По тропинке навстречу им бежала монахиня.
— Госпожа, никогда не угадаете, кто прибыл нас навестить! Государыня закрыла лицо рукавом, порываясь отвернуться.
— Прошу, отошли их, кем бы они ни были. Я не могу показаться им в таком виде.
— Для схимницы у вас самый правильный вид, и стыдиться здесь нечего. Кроме того, гость — не кто иной, как государь-инок Го-Сиракава. Ради вас он прибыл сюда из самого Хэйан-Кё, и было бы грубо отправить его обратно, даже не перемолвившись словом. Идите же, он вас ждет.

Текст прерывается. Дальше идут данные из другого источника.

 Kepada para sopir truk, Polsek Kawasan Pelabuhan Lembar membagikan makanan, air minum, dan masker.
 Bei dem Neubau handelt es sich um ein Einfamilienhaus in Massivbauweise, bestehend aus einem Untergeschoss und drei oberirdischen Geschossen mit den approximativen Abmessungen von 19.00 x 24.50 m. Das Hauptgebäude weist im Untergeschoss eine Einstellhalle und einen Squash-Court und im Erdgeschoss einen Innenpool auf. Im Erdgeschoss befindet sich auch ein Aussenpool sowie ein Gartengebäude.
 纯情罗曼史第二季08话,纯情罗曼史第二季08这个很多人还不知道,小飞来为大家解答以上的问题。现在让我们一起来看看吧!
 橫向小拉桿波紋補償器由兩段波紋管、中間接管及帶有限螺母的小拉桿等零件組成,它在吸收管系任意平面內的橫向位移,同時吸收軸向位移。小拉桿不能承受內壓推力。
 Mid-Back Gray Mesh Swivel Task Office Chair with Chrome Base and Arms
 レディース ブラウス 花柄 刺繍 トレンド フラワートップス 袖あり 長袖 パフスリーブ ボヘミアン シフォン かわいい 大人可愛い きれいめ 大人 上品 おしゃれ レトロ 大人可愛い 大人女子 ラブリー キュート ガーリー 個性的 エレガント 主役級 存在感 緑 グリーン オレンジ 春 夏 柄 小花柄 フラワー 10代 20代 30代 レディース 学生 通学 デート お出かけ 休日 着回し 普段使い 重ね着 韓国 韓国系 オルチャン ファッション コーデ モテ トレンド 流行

Госпожа-монахиня нехотя спустилась под гору к скиту. Ей вдруг стало стыдно буйно разросшейся травы, убогой прохудившейся кровли, крошечного огородика — того, что так грело душу, когда она здесь поселилась. К ее оторопи, отрекшийся государь сидел прямо на улице, в окружении лишь нескольких слуг, и она могла запросто видеть его, лицом к лицу. Он казался гораздо старше своих лет — чуть больше шестидесяти — и выглядел устало, хотя и внушительно в сером монашеском одеянии.

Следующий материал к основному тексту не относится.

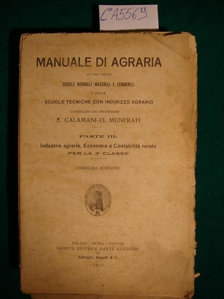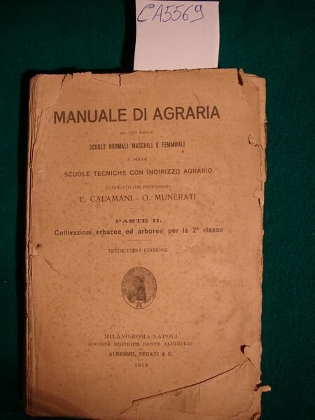 Manuale di agraria ad uso delle scuole normali maschi e femminili e delle scuole tecniche con indirizzo agrario : parte II (Coltivazioni erbacee ed arboree per la 2^ classe) e parte III (Industrie agrarie, Economia e Contabilità rurale per la 3^ classe) | Livres anciens et modernes | Calamani E. - O. Munerati
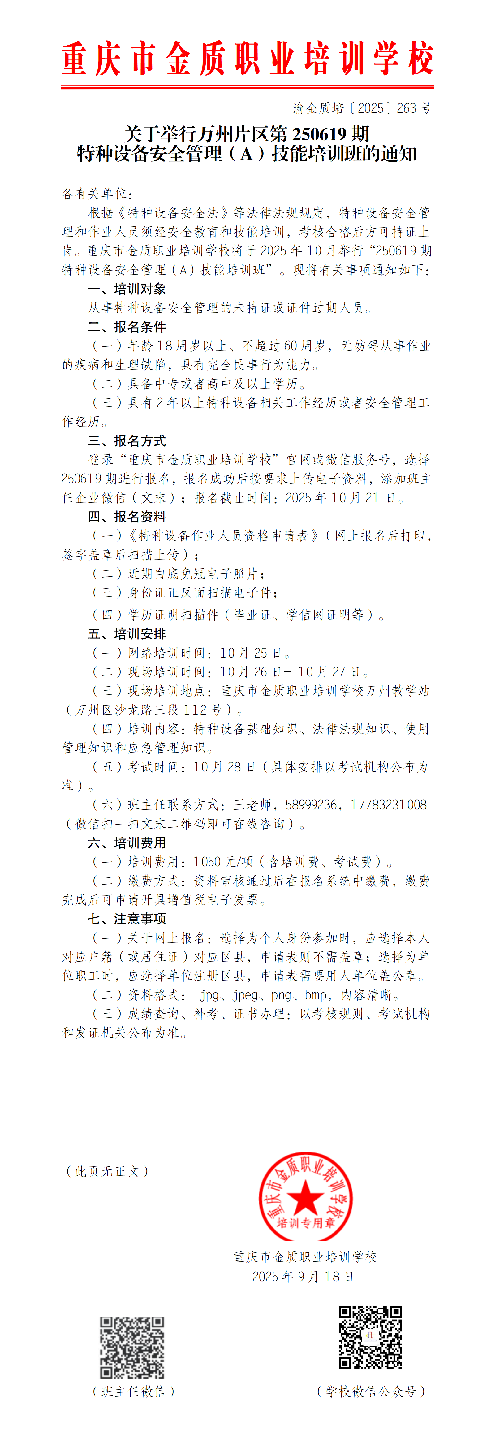 10月万州片区第250619期特种设备安全管理(A)技能培训班的通知
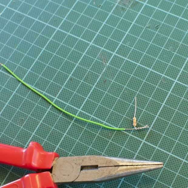 El resistor se fija ahora con un Consejo. La otra punta sobresale, como la antena de una libélula.

Государыня поклонилась ему и села неподалеку на камень, не смея заговорить.
— Ох, Кэнрэймон-ин, — вымолвил Го-Сиракава. Глаза его блестели от сдерживаемых слез. — Как странно повстречать здесь тебя — императорскую жемчужину — вне драгоценной шкатулки! Хотя, должен признать, одежды монахини не умалили твоей сказочной красоты.
Госпожа-монахиня вспыхнула и еще выше укрыла лицо рукавами.
— Владыка слишком добры. Каждый день я молю ниспослать мне видение Будды у этой калитки, зовущего отринуть сей суетный мир, но никак не чаяла вас повстречать. Я попала сюда, в это глухое место, за грехи моего рода, за свои грехи. Такая жизнь пристает мне как нельзя лучше.
Го-Сиракава кивнул:
— Пожалуй. В мире больше нет места тонким душам, подобным твоей. Он переменился. Мы надеялись, что утрата маленького императора всех образумит и вернет Японии мир. Боюсь, однако, что мир этот будет недолог. Властитель Камакуры — человек могущественный, но завистливый и жестокосердный. Он выслеживает своих братьев и одного за другим предает смерти. Как я понял, в его замыслах переместить столицу в Камакуру — место, далекое от изящества. Он все больше стесняет во власти государя, сидящего на Драгоценном троне, тогда как его самураи возвысились необычайно. Сказать правду, конец света и впрямь настал, ибо мир, каким мы его знали, исчез и никогда не вернется.
— Оттого-то я еще больше рада, что посвятила жизнь служению Будде, — ответила госпожа-монахиня. — Едва ли мое сердце вынесло бы большее горе.
— Подойди же, побудь со мной немного. Послушаем еще раз голоса птиц и помянем красоту былых дней.
Голос колокола в обители Гион звучит…
Так ушла слава Тайра, подобно палой листве, исчезающей под снегом, — память о них осталась, но никогда уж не блистали они в прежнем великолепии. Быть может, Царь-Дракон отчасти раскаялся в том, что обрек их на гибель, ибо с тех самых пор рыбаки Внутреннего моря стали находить в сетях чудных крабов, которых прозвали хэйкэ-гани, или крабами Тайра. С их панцирей смотрят навек запечатленные лики грозных самураев, и рыбаки непременно отпускают их в море, боясь накликать беду.